Happy Juneteenth!
Ironic, 2020 don’t feel like freedom to me, but let’s celebrate how far we’ve come, and the glorious future we’re gonna make happen! Get some. No slack.
It’s funny, in the Army I earned the Global War On Terrorism Service Ribbon… I know terrorism when I see it. What blew my fucking mind when I saw this story is the revelation that the KKK isn’t ALREADY labeled a terrorist organization! WTF??? Since our government clearly needs a kick in the ass:
Fuck the KKK everyday, same as Al Qaida, Nazis, and any other group that supports hate and oppression. Amen.
I caught this article on LinkedIn. General Petraeus has been very vocal on race related issues lately above and beyond what is typical in my experience among General Officers, active or retired, even now.
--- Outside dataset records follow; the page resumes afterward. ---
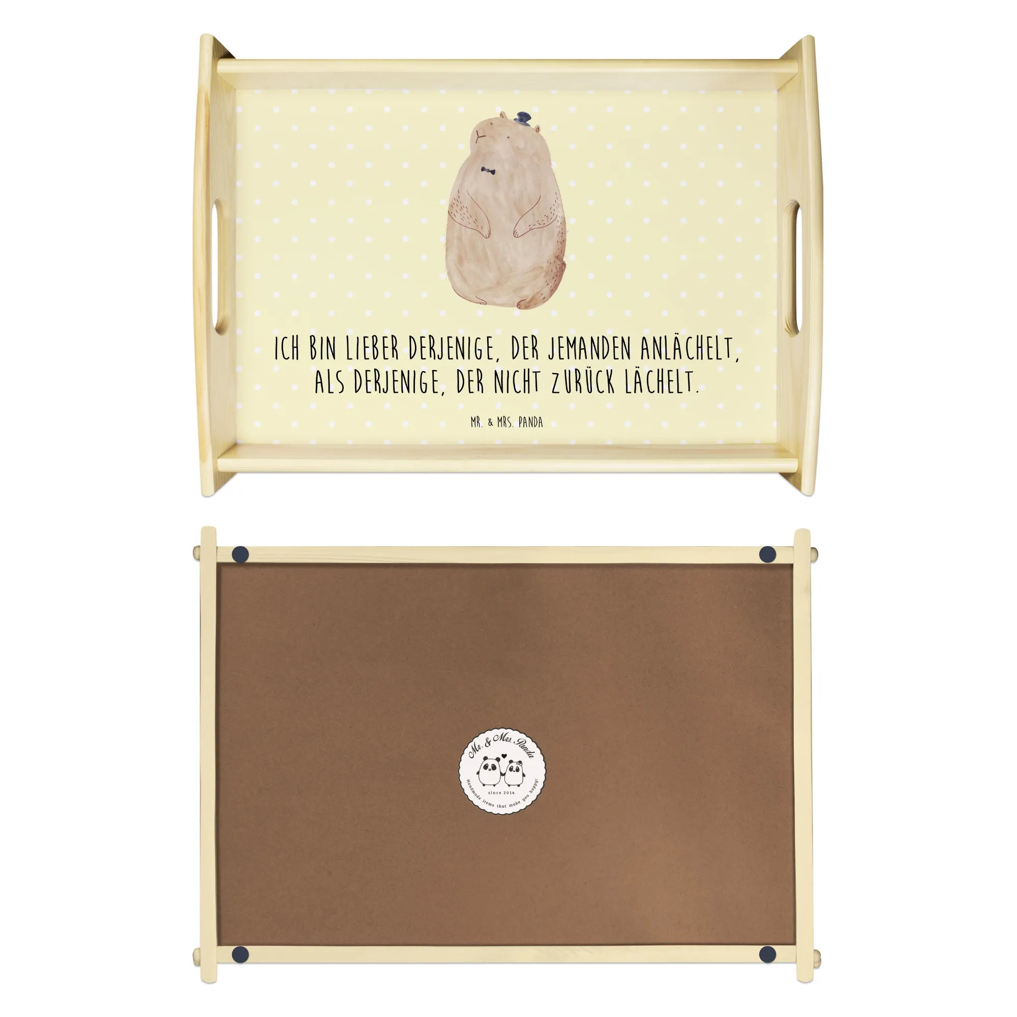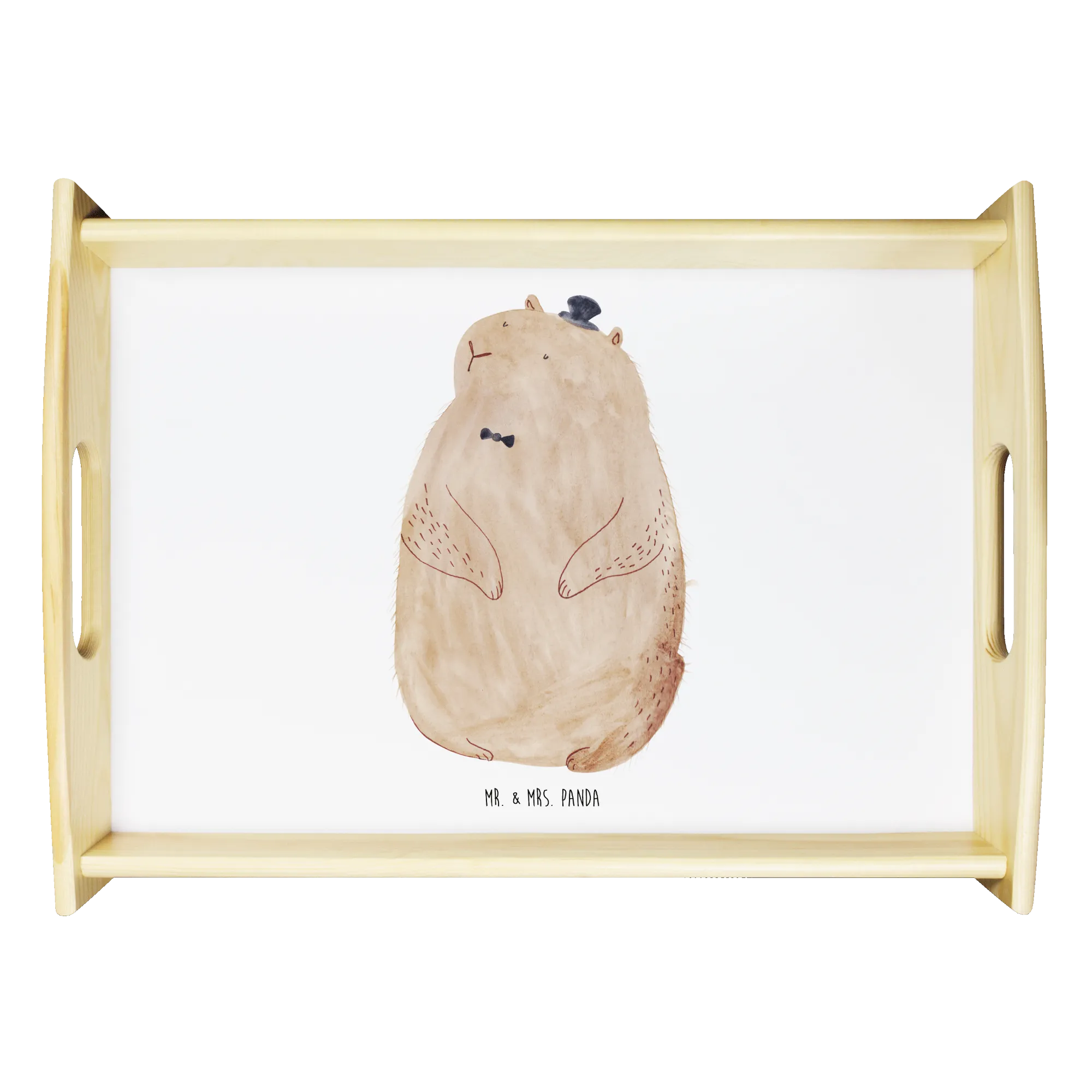 Verwöhne Deine Liebsten mit unserem bezaubernden Serviertablett von Mr. & Mrs. Panda! Mit den Maßen von 480 mm x 480 mm x 65 mm und einem gewicht von 925 g ist es nicht nur hübsch, sondern auch praktisch. Aus lasiertem Echtholz gefertigt, begeistert es mit einem lebendigen Druck, der gute Stimmung verbreitet. Egal ob beim Frühstück im Bett oder beim gemütlichen Abendessen auf dem Sofa – die seitlichen Griffmulden ermöglichen ein einfaches Tragen. Die Anti-Rutsch Pads auf der Unterseite sorgen dafür, dass alles sicher an seinem Platz bleibt. Dank der kratzfesten Oberfläche bleibt dein Tablett nach jeder Benutzung in bestem Zustand – einfach mit einem feuchten Tuch und Spülmittel abwischen, aber nicht einweichen! Beachte bitte die längere Anfertigungszeit aufgrund der besonderen Verarbeitung.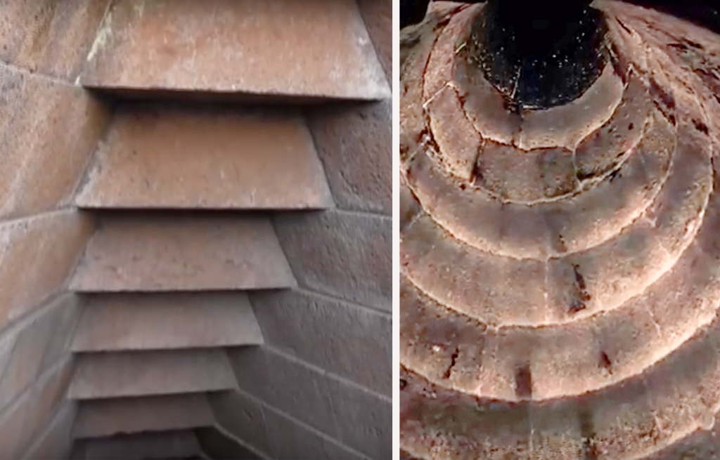 Bên trong ngôi mộ khổng lồ nhìn từ giếng Santa Cristina. (Ảnh qua YouTube)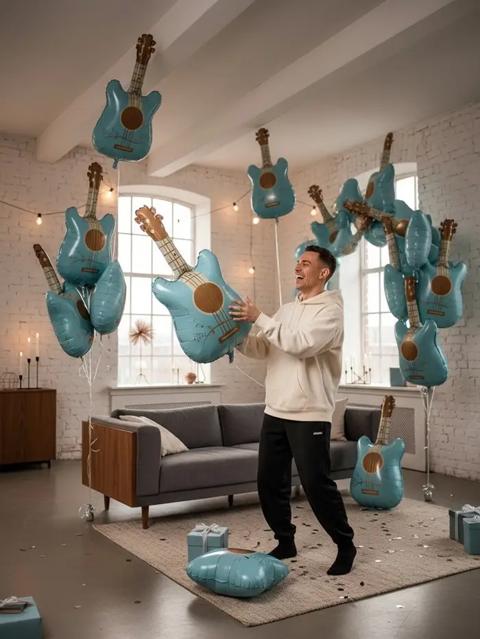 Воздушный шар фольгированный 35" "Гитара" цвет голубой

I applaud him on it. You can find his profile here if you want to follow the issues he’s addressing.
I shared with him in my comments the same sentiments I have with many others over the years: from when I joined the Army in 1998 through 18 years serving our country it always boggled my mind that we ever allowed confederate homage on any of our bases, just the same as we wouldn’t name them “Fort Hitler” or “Fort George III.” It’s always been bass ackwards, I guess better late than never that we’re finally gonna get it fixed now.
I can appreciate it that there are many people who aren’t willfully racist and feel offended in some way to be seeing confederate monuments coming down. Just as I was a Soldier, I can acknowledge that many good men died for the South that were just following orders and deserve some honor as part of our American legacy and the history of many good Americans in our country today.
With all that said, I am definitely on the side of confederate monuments coming down, and I submit to you that them coming down doesn’t need to be taken as disrespect to you, those who don’t intend to be racist yet don’t want them to come down.
Think about it like a divorce analogy: My ex wife don’t wear my ring no more. We had the moments we had, nothing will ever erase them. They happened, the good and the bad, and shaped us to be the people we are today… our marriage shaped our children… and undoubtedly will shape our children’s children in some ways too.
There’s lots of pictures and stories and traditions that will endure in the future as a result of the history between me and my ex, that’s for sure. However, publicly the rings come off after the split, that’s just how it goes.
Same goes with monuments of confederacy and ways of living we have evolved to know are against our values to honor anymore today. In my family I’ve got white “rednecks” deep down south and black “thugs” up north too, all good people, with very different emotions about history. It is what it is.
But America ended its relationship with the confederacy in 1865, a divorce by war. The confederacy got no property on this soil in that settlement, nor any entitlement America wear its jewelry either. It’s been over 150 years, it’s dysfunctional to not move on.
It’s great to see these monuments finally coming down, it opens up the future for better than we’ve ever had before.
I was surprised and relieved to hear of the rights upheld on behalf of LGBTQ people in America this week, ESPECIALLY given my concerns about the conservative nature of the Supreme Court these days. However, I see this as just an affirmation of basic human rights LGBTQ which is long overdue…
… and assert that the onus is on all of us to propel equality in our corporate cultures and people practices, and demand better rights and agency for workers with much more vigor than we do now still. We are not leading the way among major economies in that regard, so lets not get full of ourselves like we are. Stay hungry!
We still need to advance corporate transparency in pay and D&I, close pay gaps, hiring gaps, neutralize health care as a means of corporate leverage on workers, and defend Americans from restrictive measures like parts of the controversial AB5 in California that unjustly limits independent enterprise… and much more than that. There’s many more chains yet to be broken. Just sayin.